# taz.de -- zwischen den rillen: Kristalle funkeln am Sternenhimmel
       
 (IMG) Bild: The Green Child: „s/t“ (Upset the Rhythm/ Cargo)
       
       Wenn sich eine Band nach einem Buch benennt, muss sie den Pathos-Verdacht
       schon aushalten können. Die Idee ist reichlich ausgelutscht, man denke nur
       an Namen wie The Doors, The Velvet Underground oder Genesis. Nun trifft es
       also The Green Child, das obskure Werk des britischen Lyrikers und
       Anarchisten Herbert Read. Die utopische Science-Fiction verhandelt auf
       surreale Weise die Frage nach dem Sinn irdischer Existenz. Das 1935
       erschienene Werk blieb Reads einziger Roman.
       
       Das australisch-amerikanische Popduo The Green Child gibt es seit 2014. Es
       besteht aus den Thirtysomethings Raven Mahon und Mickey Young.
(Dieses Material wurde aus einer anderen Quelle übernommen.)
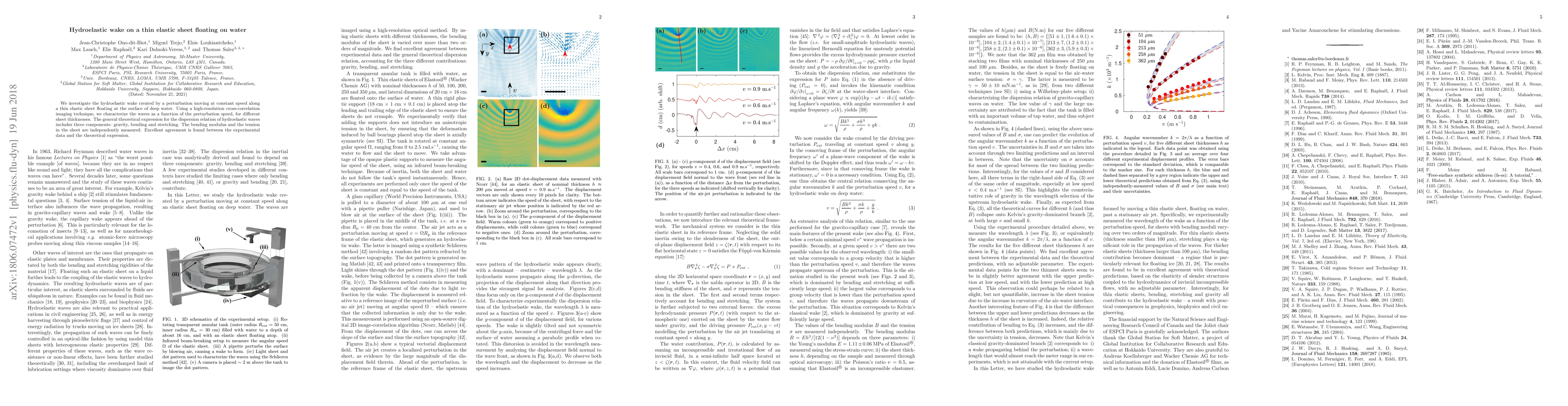 The study characterizes hydroelastic waves on a thin elastic sheet floating on water, showing wave patterns dependent on perturbation speed and sheet thickness, with theoretical modeling confirming experimental findings through dispersion relation analysis.

Mit seinem
       dekonstruktivistischen Projekt Total Control hat der Melbourner Young in
       den letzten Jahren kräftig dazu beigetragen, die vielseitige Szene der
       australischen Stadt international bekannt zu machen. Mahon ist Teil der
       US-Post-Punk Band Grass Widow.
       
       Zwar mag das krakelige Cover etwas anderes nahelegen, doch auf seinem
       selbstbetitelten Debüt besinnt sich das Duo der eher introspektiven Seiten
       des jeweiligen Schaffens. Im Mittelpunkt steht Mahons Gesang, der, teils
       mechanisch zerstückelt, teils ätherisch-mehrstimmig, wunderbar kristalline
       Harmonien erzeugt. Darunter legen sich Youngs metallisch-bleepende
       Drumbeats und Achtziger-Jahre-Synthesizer.
       
       ## Verführerische Logik
       
       Im Eröffnungsstück scheint es zunächst so, als biederten sich die
       Tonsequenzen allzu willfährig einer gewissen Knight-Rider-Nostalgie an, die
       sich mit dem „Stranger Things“-Soundtrack der texanischen Band Survive
       zuletzt wieder im Mainstream festgesetzt hatte. Doch schon bald entledigen
       sich die Arpeggios ihres historisch bedingten Ballasts und dürfen eine
       eigene, verführerische Logik entfalten. Diese kommt spätestens beim
       entschleunigten „Bertha“ auf betörende Weise zum Zug.
       
       Ab und an sind E-Gitarren, sogar Bläser zu hören. Aber es sind vor allem
       die Harmonien, die sich einprägen, Erinnerungen an und Hoffnungen auf ein
       anderes Leben wecken. An einer Stelle umschreibt Mahon die alte, in Reads
       Roman thematisierte Suche: „I had no one to find me out / no language I
       could speak / I’m hungry all the time.“
       
       So mühelos, wie Mahon diese Zeilen ausspricht, so ratlos ist man gegenüber
       der einfachen Schönheit der Musik. Trotz des eigentlich überflüssigen
       Schlussstücks „Destroyer“, dessen Space-Rock-Geschrammel wohl daran
       erinnern soll, dass die Band auch Punk-sozialisiert ist, offenbart sich am
       Ende doch eine Essenz, die ist reduziert und utopisch. Das passt gut zu
       ihrem Londoner Label Upset the Rhythm, einem der kompromisslosesten
       Rock-Labels zurzeit.
       
       Die Idee von der Eigentlichkeit mag pathetisch klingen, ist aber zentral.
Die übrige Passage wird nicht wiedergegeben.